L’aumento della spesa militare sta trasformando la Germania in uno dei principali poli industriali della difesa europea. Il possibile trasferimento a Unterlüß di parte della produzione degli Atacms e l’acquisizione di Ffg da parte di Deutz mostrano come Berlino stia attirando tecnologie, investimenti e capacità manifatturiere, andando oltre il semplice rafforzamento della Bundeswehr. Il riarmo tedesco assume così una funzione di politica industriale e tende a spostare verso la Germania una quota crescente della produzione militare continentale

La crescita della spesa militare europea sta modificando il ruolo industriale della Germania. Berlino non si limita ad aumentare gli acquisti per le proprie forze armate, ma sta attirando sul territorio nazionale produzioni finora concentrate negli Stati Uniti e favorendo la nascita di gruppi capaci di operare lungo una parte sempre più ampia della filiera. L’accordo sui missili Atacms tra Rheinmetall e Lockheed Martin e l’acquisizione di Ffg da parte di Deutz appartengono a settori differenti, ma indicano la stessa traiettoria.

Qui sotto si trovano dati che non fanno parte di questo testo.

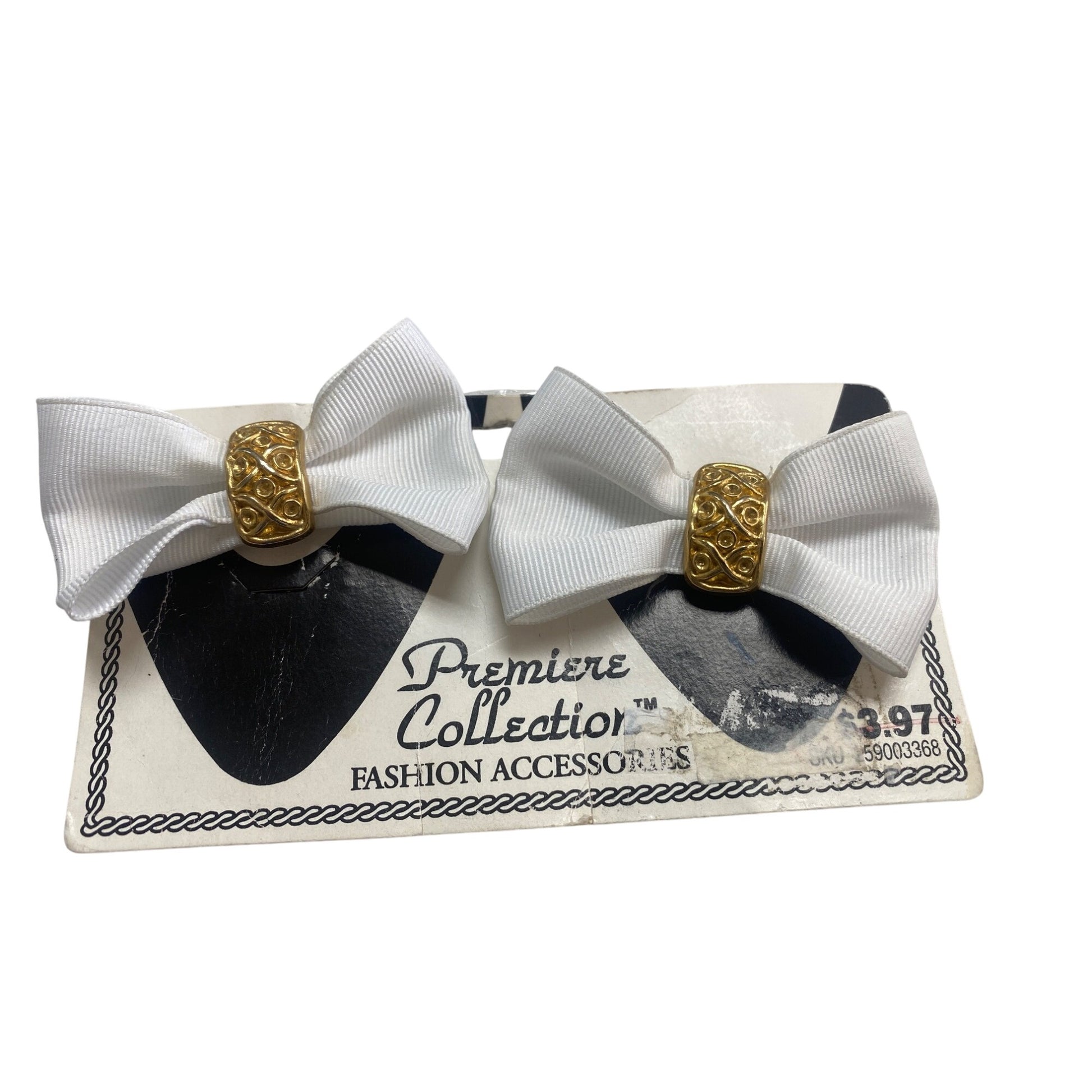 Packaging shows wear but clips are in pristine condition. Each bow measures approximately 3 inches wide.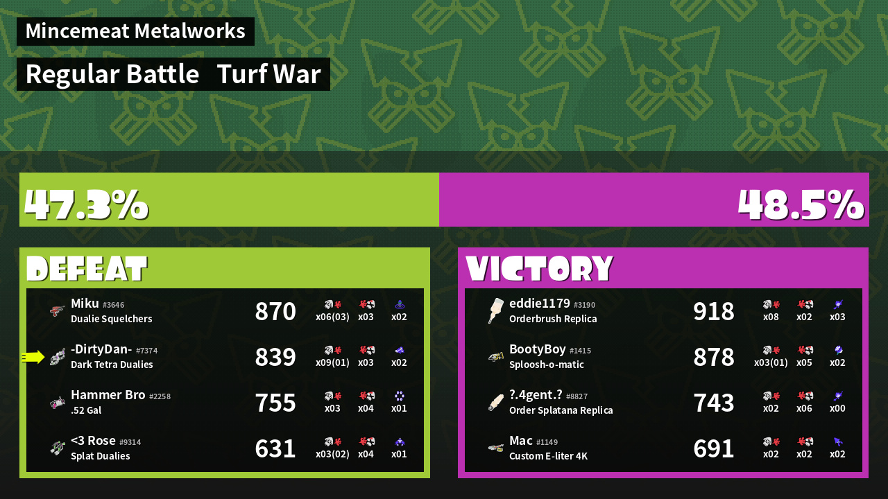 | Medals | #1 Overall Splatter #1 Popular Target #1 Enemy-Base Inker | ||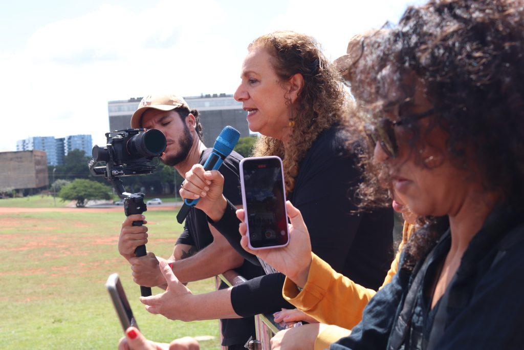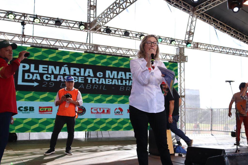 A diretora do Sindicato Samantha Sousa reforçou o compromisso do movimento com a defesa dos direitos dos trabalhadores, com ênfase nas mulheres. Ela afirmou que a presença na Esplanada dos Ministérios simboliza a luta por equiparação salarial, por ambientes de trabalho livres de assédio moral e sexual e pelo respeito aos direitos de todas e todos.

La prima fabbrica estera degli ATACMS

Lockheed Martin e Rheinmetall hanno firmato un memorandum per trasferire nel sito tedesco di Unterlüß parte della produzione degli Army Tactical Missile System. Se arriveranno le autorizzazioni di Washington, l’impianto diventerà il primo a costruire gli Atacms fuori dagli Stati Uniti. Il progetto prevede una joint venture e un centro europeo per la produzione, l’integrazione e la distribuzione dei missili destinati agli alleati.